I have a text document and I'm trying to get the text between the words "abstract" and "keywords" (in R). This is the code I'm using:
我有一个文本文档,我试图在“抽象”和“关键字”(R)之间找到文本。
gsub(".*abstract\\s*|keywords.*", "\\1", string)
However, this didn't work because somewhere else in the text the word "abstract" occurred so I made it non-greedy like this (added ? in front of abstract)
但是,这并没有起作用,因为在文本的其他地方出现了“抽象”一词,所以我将它设置为非贪婪(添加了?)前面的文摘)
gsub(".*?abstract\\s*|keywords.*", "\\1", string)
But for some reason it now takes the text between "abstract" and "keywords" (which is what I want), but ALSO the text starting from the second "abstract" appearing in the text, all the way to the end. Any ideas?

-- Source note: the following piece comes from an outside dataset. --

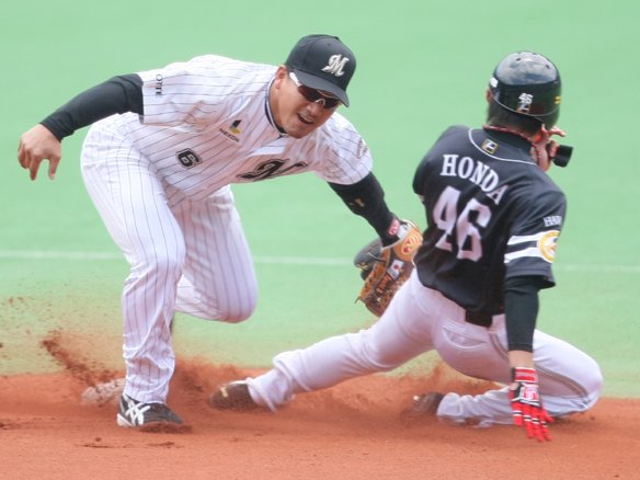 0-1から1塁ランナー・本多がスタート。キャッチャー・里崎は素早いステップで2塁に矢のような送球を見せ本多を刺した! 盗塁失敗。 |

但是出于某种原因,它现在把文本放在“抽象”和“关键字”之间(这是我想要的),同时也把文本从第二个“抽象”开始,一直到最后。什么好主意吗?
2 个解决方案
#1
1
it doesn't look like you are capturing anything in your search term, you just need some ()
's in there to actually grab something so \\1
will return your target :
看起来你并没有在你的搜索词中捕捉到任何东西,你只是需要一些()来获取一些东西,所以\1会返回你的目标:
words <- c("these are some different abstract words that might be between keywords or they might just be bounded by abstract ideas")
gsub(".* abstract (.*) keywords.*", "\\1", words)
[1] "words that might be between"
#2
1
I think this should give you what you are looking for:
我认为这应该会给你你想要的东西:
regmatches(string, gregexpr("(?<=abstract).*(?=keywords)", string, perl = TRUE))
What it does:
它所做的:
-
(?<=abstract)
use the "look ahead" capabilities to find things after the word "abstract" - (?<=抽象)使用“展望未来”功能,在“抽象”一词后找到事物
-
.*
match any number of keywords - .*匹配任意数量的关键字
-
(?=keywords)
use the "look behind" for find things before the word "keywords" - 使用“look behind”在关键词之前查找
-
gregexpr
looks for the given regular expression instring
- gregexpr在字符串中查找给定的正则表达式
-
perl = TRUE
allows for the "look ahead" and "look behind" functionality - perl = TRUE允许“展望未来”和“展望未来”功能
-
regmatches
pulls out the matching piece of the string using the regular expression. - regmatches使用正则表达式提取匹配的字符串片段。
#1
1
it doesn't look like you are capturing anything in your search term, you just need some ()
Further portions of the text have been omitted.